L’altra campana, quella del governo Macron, si è aggrappata proprio sul fattore “tempistiche”: se da una parte l’ormai ex ministro dell’Ambiente denunciava un operato sul fronte clima e sostenibilità non sufficiente, dall’altra parte hanno spiegato come sia impossibile apportare cambiamenti significativi in un anno. Hulot, nel corso delle sue dichiarazioni in radio, ha messo in luce anche altre problematiche, non soltanto relative al periodo di lavoro. “Ho un po’ di influenza, ma non ho né potere né mezzi. La Francia, l’Europa e il mondo intero non stanno facendo abbastanza”. Un’altra parte della sua dichiarazione è forse quella più allarmante: Hulot ha denunciato addirittura la presenza di lobby nella cerchia del potere, in riferimento a una riunione di giorni fa all’Eliseo con la presenza dei rappresentanti della Federazione dei cacciatori (ai quali è stata riconosciuta una riduzione dei costi necessari per avere il permesso di caccia, oltre a una revisione della lista delle specie animali da cacciare).

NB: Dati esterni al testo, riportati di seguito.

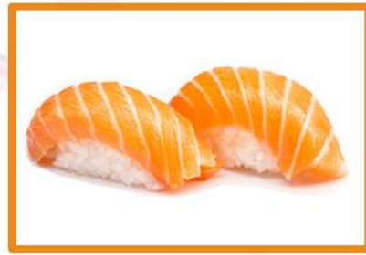
N80. Nigiri salmón 2pz
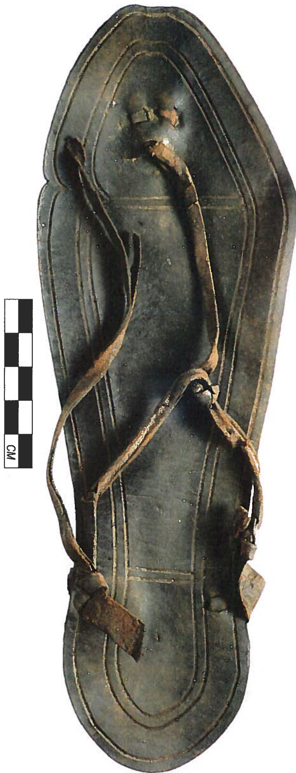
Afb. 3 Sandaal (foto: A. Dekker, AAC).

Een eigenaardig soort schoeisel dat vrij plotseling aan het einde van de 3e eeuw opkomt, is uit één stuk leer gesneden en kunstig aan elkaar genaaid (afb. 5-7). Het bovenleer is zeer laag om de voet uitgesneden, waardoor een aparte oplossing gezocht moest worden voor de sluiting. Dankzij de goede conservering kon in enkele gevallen het eigenaardige verloop van de sluitingsveter precies gevolgd worden. Beginnend bij de enkel loopt de veter via twee spleetjes aan weerskanten van de schoen onder de voet door en dan terug naar een lus aan de tegenoverlig-

Altri esempi di impegno che non stanno avendo l’adeguato seguito? Guardando in “casa”, il dietrofront del governo in merito all’obiettivo di ridurre il parco del nucleare al 50% entro il 2025; considerando la questione ad ampio raggio, i negoziati con l’Ue sui pesticidi. E ancora le scarse garanzie ambientali legate al Ceta o le controversie sul divieto di utilizzo del glifosato nelle coltivazioni. Insomma, tanti pezzi di un puzzle che non s’incontrano: l’ex ministro in solitaria (o quasi) cerca di metterli insieme, ma altri, in realtà, lo vogliono scomporre. Che Hulot si sia sentito un moderno Don Chisciotte?
Valutando i fatti, viene facile domandarsi se la lotta al riscaldamento globale e le operazioni a difesa della biodiversità siano realmente tra le priorità del governo francese (e di molti stati europei, Italia compresa). Macron si era proposto di diventare il portabandiera della difesa degli Accordi di Parigi sulla lotta al riscaldamento globale, ma dopo la bufera Hulot le parole del Presidente della Repubblica Francese hanno cominciato a suscitare perplessità. D’altro canto, va detto che Macron si è detto soddisfatto dell’operato di Hulot auspicandone il supporto attraverso nuove forme. È solo apparenza? Si tratta di réclame da campagna elettorale dichiararsi vicini alle tematiche e alle problematiche ambientali? La prima parte della partita per l’ambiente, nonostante il top player schierato, non è andata come auspicato. Non resta che sperare nel secondo tempo e in un sostituto all’altezza che abbia il sostegno di tutta la squadra.